Working with American songwriting partner Dennis Lambert, the Essex-born Potter was behind an astounding array of 1970s hits spanning pop, soul, soft rock, country and beyond. The best-known include Glen Campbell’s Rhinestone Cowboy, a US No 1 in 1975; It Only Takes a Minute, a barnstorming disco hit for Tavares and later Take That; Player’s super-smooth Baby Come Back, another US No 1; and Ain’t No Woman (Like the One I’ve Got), one of the biggest hits for soul-poppers the Four Tops.

Potter was born and raised in Essex and trained as a drummer, though he had his first success as a lyricist for Small Faces, co-writing their 1965 hit Whatcha Gonna Do About It. He met Lambert when the latter was visiting London, and Potter moved to the US to help deepen their creative partnership.

One of their early songs together was One Tin Soldier, its fairytale-like structure containing bitterly angry lyrics about the Vietnam war: “Go ahead and hate your neighbour / Go ahead and cheat a friend / Do it in the name of heaven / Justify it in the end”. It charted with Canadian band the Original Caste, then more successfully for the American band Coven, with their version used as the theme song for the film Billy Jack.

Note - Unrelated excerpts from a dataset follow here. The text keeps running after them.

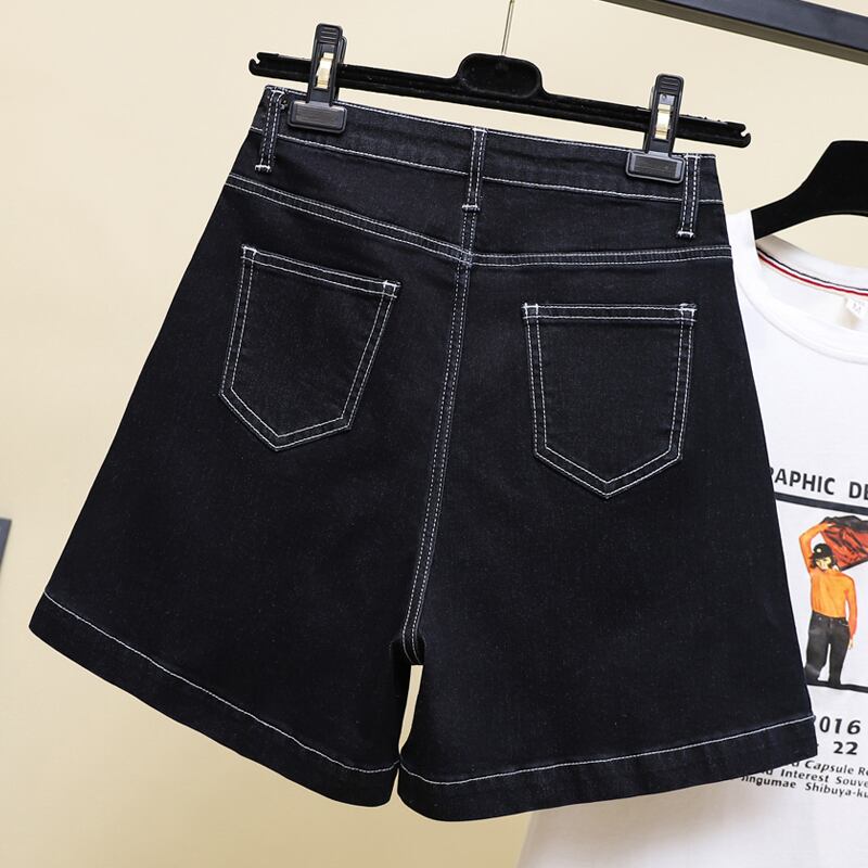 プラスサイズの婦人服 2023 夏の新しいファットシスターバージョン弾性ハイウエスト薄い気質カジュアルデニムショーツ ハイウェスト エラスティック 伸縮 大きめサイズ サマー 夏物 ブルマー 8884189382065253
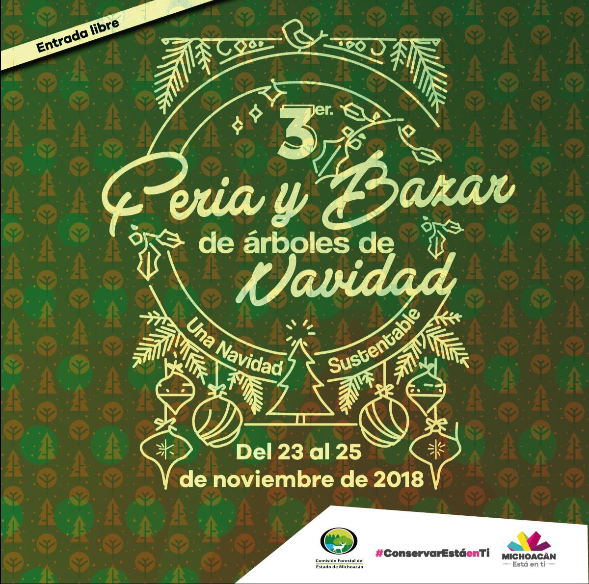 El Gobierno de Michoacán, a través de la Comisión Forestal del Estado (Cofom), anuncia su 3er Feria y Bazar de Árboles de Navidad, la cual se realizará este fin de semana en los Jardines de la dependencia estatal, ubicada en la calle Justo Mendoza Lote 11, en el Bosque Cuauhtémoc del Centro Histórico de la capital michoacana.
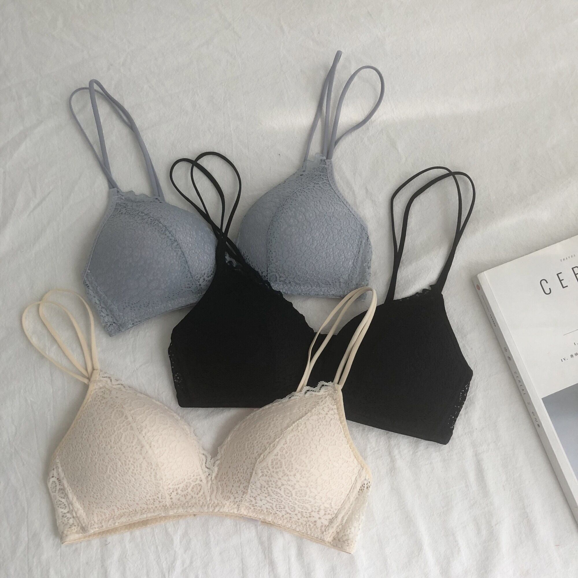 フレンチレースのセクシーな下着の女性の秋の学生は鋼のリングなしで集まり、胸部の薄いブラの調節可能な小さなブラを包みました 1号婦人51836748481
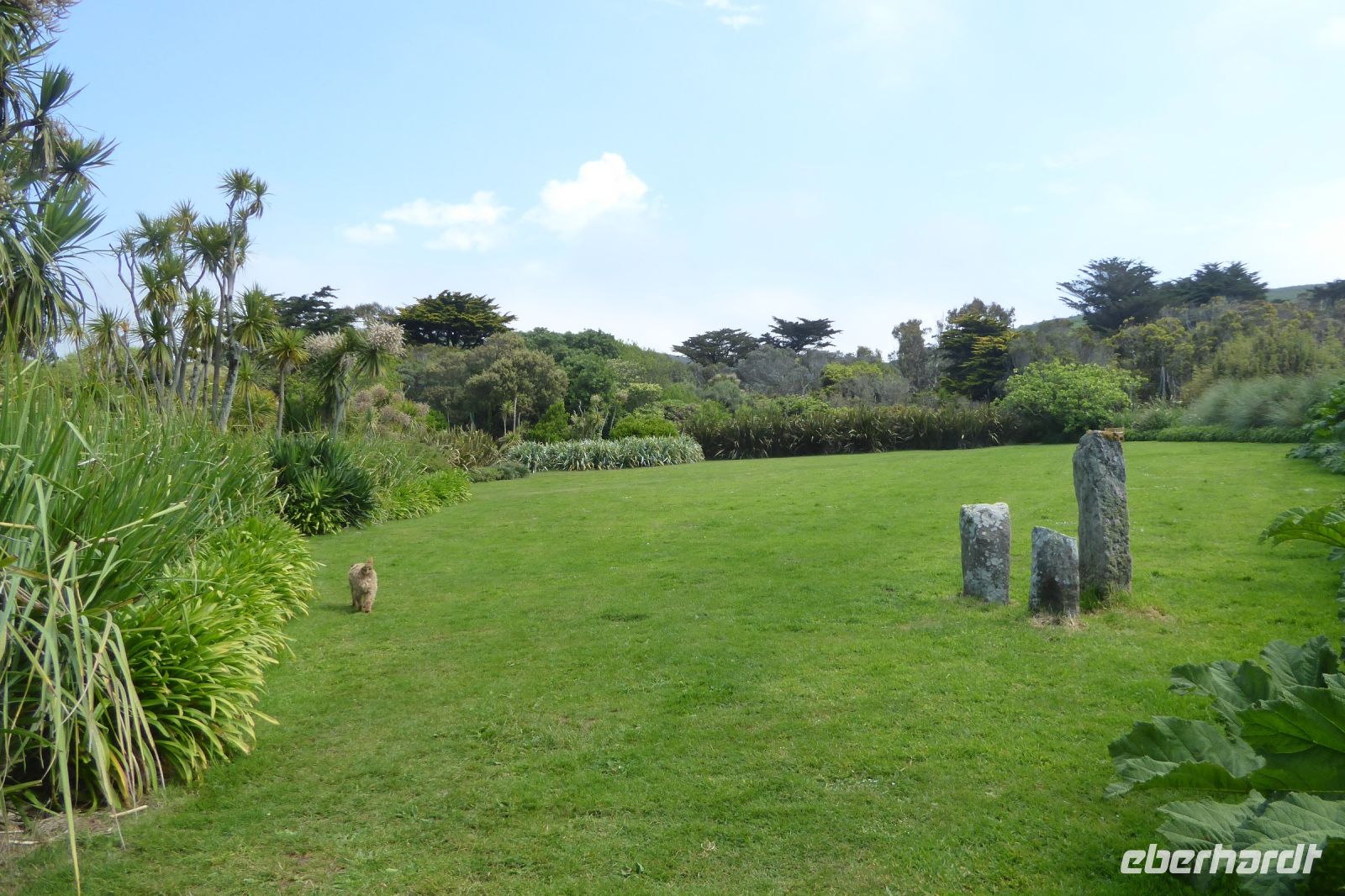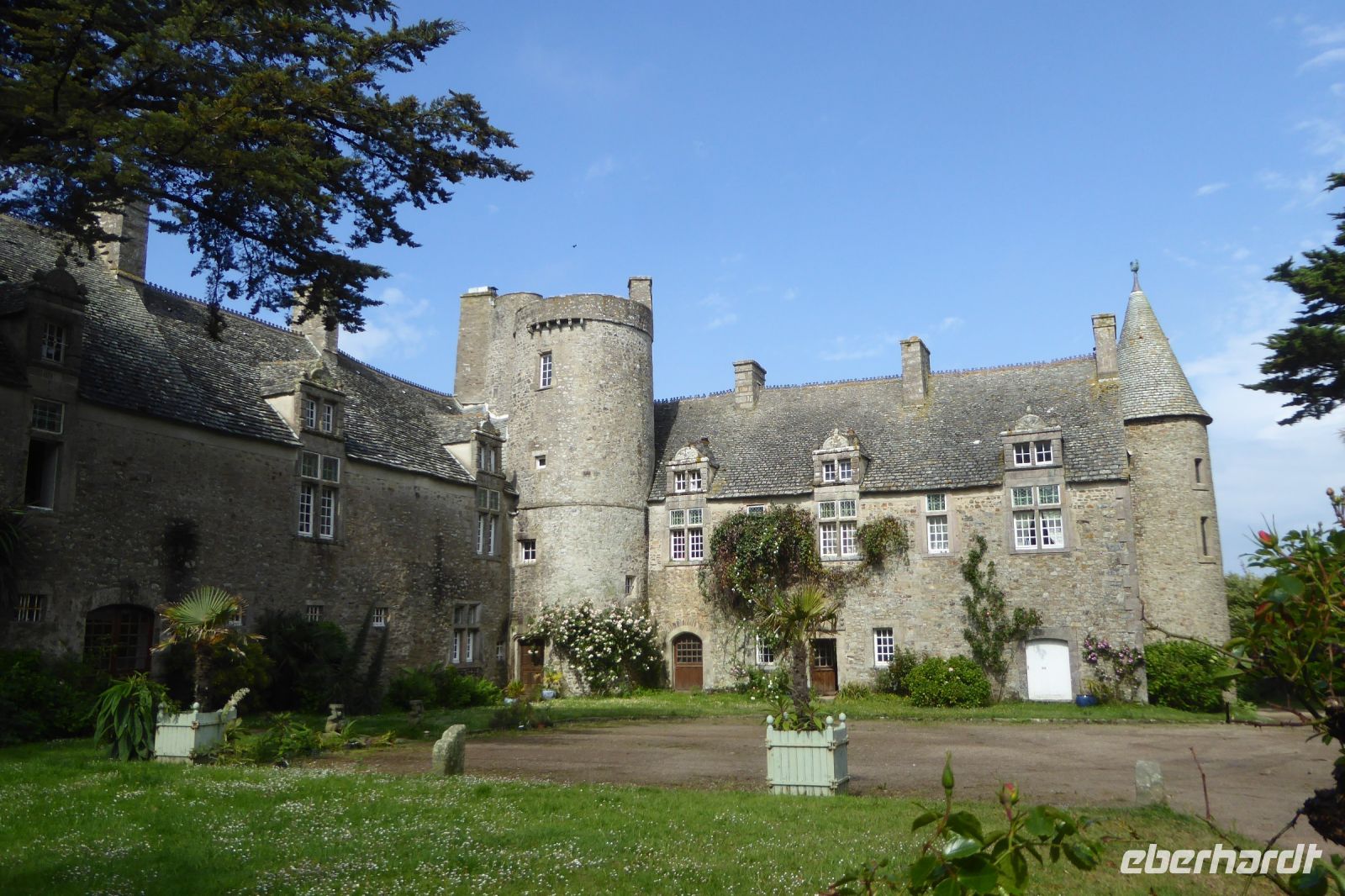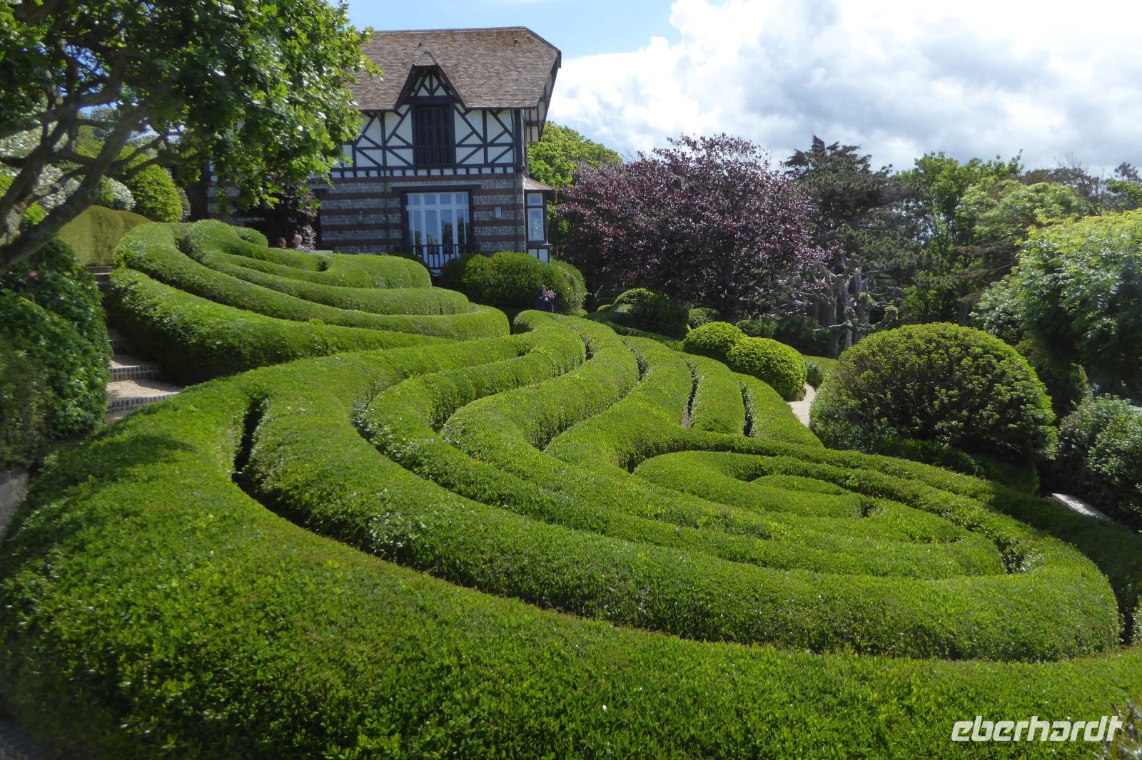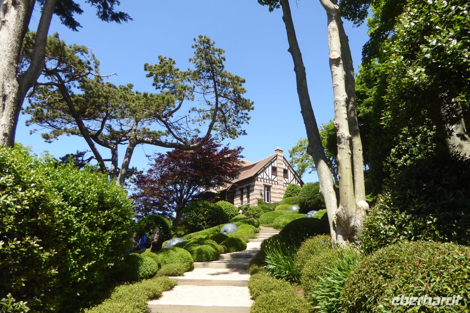 Der nördlichste Palmengarten Frankreichs, direkt am Meer gelegen, profitiert vom milden Klima des Golfstrom, der die Halbinsel Cotentin umspült. Der Park umgibt ein repräsentatives Herrenhausaus dem 17. Jahrhundert und liegt am Rande des pittoresken Dorfes Vauville. Er wurde von Eric und Nicole Pellerin im Jahre 1948 geschaffen. Heute ist er ein außergewöhnlicher botanische Garten von 4 Hektar Größe mit mehr als 900 Pflanzenarten, die hier im Norden Frankreichs eine erstaunliche tropische Stimmung erzeugen. Versiert erläuterte uns Eric Pellerin, der Enkel des Gründers die Vielzahl der Pflanzen und die Besonderheiten der Gartenanlage. Palmen, Eukalyptus, Gingko, Guave, Wollemie, Erdbeer- und Kampferbaum, Rhododendren, leider schon fast verblüht, Azaleen, üppige Gunnera und bunte Blühpflanzen, darunter eine eigene Art Hortensien, die nach seinem Großvater benannt wurde. Der Terrier Odette folgte seinem Herrn auf Schritt und Tritt und begleitet uns auf unserem Streifzug durch den Park, der noch vor 70 Jahren eine einfache Viehweide war.

In 1971 Potter had a major US hit in the form of the symphonic pop song Don’t Pull Your Love, which reached No 4 when performed by Hamilton, Joe Frank & Reynolds, and was later covered by Campbell.

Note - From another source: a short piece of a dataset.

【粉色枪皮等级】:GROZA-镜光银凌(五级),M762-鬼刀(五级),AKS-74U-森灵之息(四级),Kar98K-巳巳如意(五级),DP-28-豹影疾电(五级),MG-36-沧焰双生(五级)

In 1973, Potter and Lambert helped reinvent the Four Tops, who were on a new label after their split from Motown Records. By pivoting them away from peppy pop and towards a smoother R&B sound, Ain’t No Woman (Like the One I’ve Got) gave the Four Tops their biggest post-Motown hit, taking them back into the US top five for the first time since 1967. Potter and Lambert also helmed the Four Tops album Keeper of the Castle, and the title track became another US Top 10 hit. They collaborated again on the follow-up album Main Street People which included another hit song, Are You Man Enough. The band have paid tribute, writing: “We are so grateful for his contribution to the world of music and to the legacy of the Four Tops.”

Potter continued to deftly make hits in the world of African American music as the disco craze began in the mid-1970s, bringing in synthesisers for Tavares’s It Only Takes a Minute whose euphoric lovestruck chorus was offset with downbeat, socially conscious verses about unemployment and sickness. It was another US Top 10 hit, and later became the first UK Top 10 hit for boyband Take That, who covered it in 1992. Potter and Lambert had a fruitful partnership with Tavares, producing two of their mid-70s albums and writing most of the material on both.

In this period they also produced Dusty Springfield’s album 1973 Cameo, worked with the 5th Dimension on their hit Ashes to Ashes, and produced the Righteous Brothers’ hit cover version of Rock and Roll Heaven, followed by writing another hit for the latter group, Dream On.

Potter and Lambert then had huge success with Campbell. Rhinestone Cowboy, originally written by Larry Weiss, became a big hit when produced by the pair, who also wrote the opening four tracks on the album of the same name including another hit single, Country Boy (You Got Your Feet in LA). The album’s success netted Potter and Lambert two nominations at the 1976 Grammy awards, for record and producer of the year, and Potter and Lambert also helmed Campbell’s follow-up, Bloodline.

Later in the 1970s Potter and Lambert produced Player’s Baby Come Back – a breakup lament which spent three weeks at No 1 in the US – and Santana’s 1978 album Inner Secrets.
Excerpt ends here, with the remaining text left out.